Иван так же, не глядя, положил трубку на место, случайно зацепив рукавом пижамы листок, который плавно спикировал на пол. Выбираться из-под одеяла откровенно не хотелось, но долг зовёт. Руки потянулись к лицу, потёрли щёки, помассировали морщинки на лбу, перебрались выше, к ещё не поредевшим белёсым кудрям, пытаясь, разлохматив их, разогнать последние остатки сна. Ноги тем временем зашаркали по полу в поисках тапочек, правая почти сразу удачно достигла цели, а левая наткнулась на бумагу. Иван поднял листок, взглянул на надпись аккуратным ровным подчерком на немецком языке "Mein liebe Hans mit der Liebe. Ihre Marie." (Моему дорогому Гансу с любовью. Твоя Мари), перевернул фото, взгляд застыл на лице девушки. Тяжело вздохнув, Иван убрал фото в ящик тумбочки и пошел в ванную приводить себя в порядок. Через пол часа он, в парадном кителе, сияющим медалями на груди, уже стоял у подъезда, ожидая сына.
- Здравствуй, Сергеич, ты чего так вырядился, чай не девятое мая? - соседка с нескрываемым любопытством уставилась на Ивана.
- Да, так, на встречу со старым однополчанином собрался.
Разговор прервал подъехавший автомобиль.
- Ты, батя, как часы. Прости, малявки немного задержали.

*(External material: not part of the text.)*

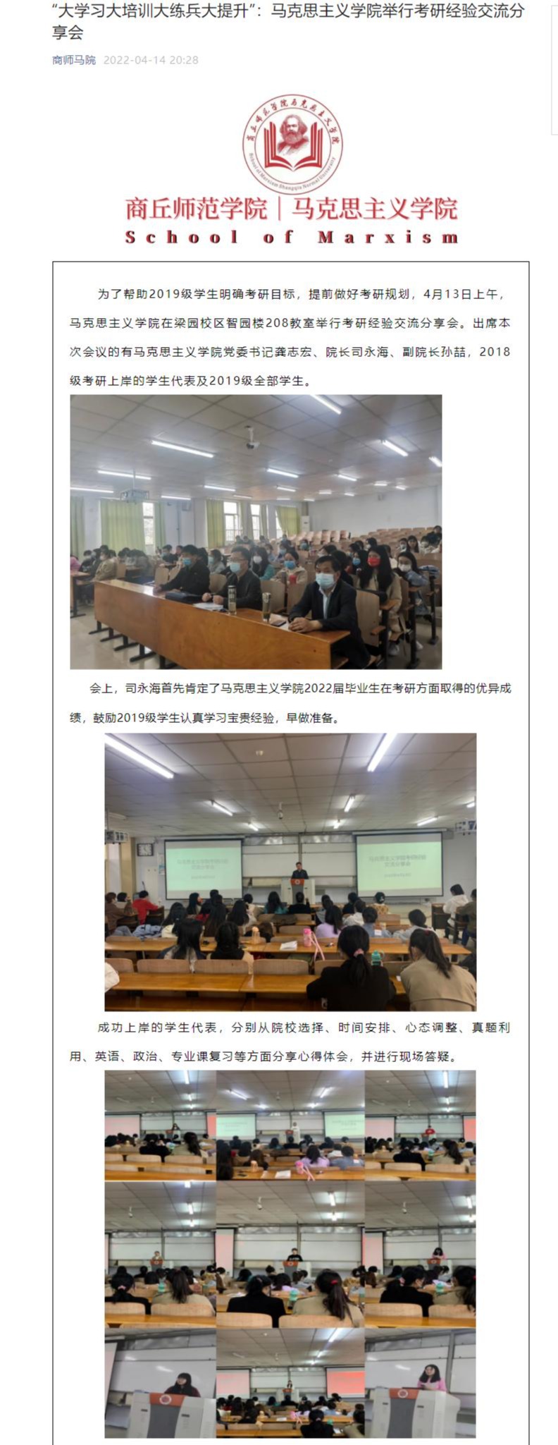马克思主义学院在校党委领导下,高度重视毕业生就业工作,始终以服务经济社会发展为核心,以实现充分高质量就业为目标,落实就业“一把手”工程,扎实推进毕业生就业工作,就业结构持续优化,就业质量稳步提升,2022届毕业生总体就业率96%,毕业生就业质量调查问卷完成率93%,均排名全校第一,44%考研成功继续深造,41%成功应聘公务员、教师等专业契合度高的岗位,实现了高质量就业,并被商丘电视台作为推动毕业生就业典型进行了宣传报道,广受社会赞誉。

После недолгих приветствий сына Петра, объятий дочери Ирины, утихомиривания внуков, их Лада поспешила выбраться из города, и помчалась по загородному шоссе. Дети радостно разглядывали живописные пейзажи, простиравшиеся за окном, встречая восторженными взглядами чуть ли не каждое деревце или кустик, а Иван угрюмо взирал на это раздолье, погрузившись в воспоминания о ныне далёком сорок третьем, когда эти поля выгляди совсем по-другому.
* * * - Эх, закончим войну, я заведу себе поместье, разведу виноградники, тогда эти поля станут выглядеть совсем по-другому. Красота. А, Ганс, что молчишь?
- Изучаю вражескую почту по вашему приказу, господин обер-штабс-фельдфебель.
- Да чёрт с ней, с почтой, и так понятно, что ничего ценного. Русские вот-вот оборону прорвут, не до бумажек. Посмотри лучше какие просторы пропадают, коммунисты же всё загубят.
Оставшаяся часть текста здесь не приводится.